As more and more of Latin America’s family-owned companies search for cash, private equity firms are springing up all over the region to offer management resources and capital. But getting money to these companies is not as easy as it seems.

“There is a huge demand for money,” said Fabio Nogueira, director at Dextro Business and Information Consulting in São Paulo. “But not all the money that is available is being applied because businessmen here don’t know how to ask for it.”

Business plans often lack critical information such as market potential and strategic positioning. “Many businesses say ‘I think that the market will do X in the future,’ ” said Nogueria. “But they have no information to support their projections.”

When companies do join together with a private equity firm, the negotiations tend to proceed at a snail’s pace. Patrice Etlin, director of the São Paulo office of global private equity firm Advent International, says that the negotiating process in Latin America lasts at least twice as long as it does in the United States-about six to nine months to close a transaction.
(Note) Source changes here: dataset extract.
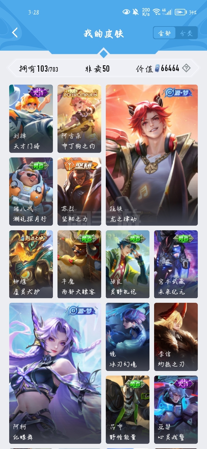 皮肤86 英雄101 尊贵铂金 传说6 其他皮肤36-安卓Q-V0-秩序白银I段位-97英雄-85皮肤-6传说-21史诗【传说皮肤

“In the United States, negotiations are much more about numbers. Here the relationship counts much more,” said Etlin. “These companies were created 40 years ago, so you are dealing with sentiment. It is an issue of building trust, and explaining that we are here to improve these companies.”

Tough Terms
Over what issues do talks break down? “We see a lot of proposals where people are trying to rent our money,” said Bo Cutter, managing director for Latin America at E.M. Warburg Pincus. “They say: ‘We will guarantee you a rate of return of 20% or 25% for the next three years, and then we will buy you out.’ It takes a long time to dissuade them of that point of view.”

Private investment firms make investment wagers based on the probability that a company will have a significant upside. Because venture capitalists sometimes lose these bets, they must win on others. A 20% or 25% fixed rate of return, which would be attractive for debt investors, is not sufficient for venture capital funds that often promise their shareholders an overall rate of return of 30% or more.

Family owners also often have an exaggerated sense of the worth of their businesses. The boom in private equity deals before the Asia crisis still resonates in the minds of many businesspeople, who have little understanding of Latin American risk.

Private equity financiers also say that family-owned companies are reluctant to give up ownership rights.”In virtually all of our deals, there is a shareholder agreement that says the following kinds of decisions have to include the votes of Warburg Pincus: significant changes in positions, business plan approval, budget approval, significant changes in financial structure and changes in management,” said Cutter. “Owners really balk at that. We have long debates that are made harder because the issues aren’t black and white.”

The primary reason that negotiations fail, however, is the lack of professionalized management. Family members hold all the positions of power, but it is unclear who is CEO and who is CFO. Financial records either don’t exists or don’t provide separate figures for different divisions. In those situations, financiers say, there are just too many surprises to lay down their money.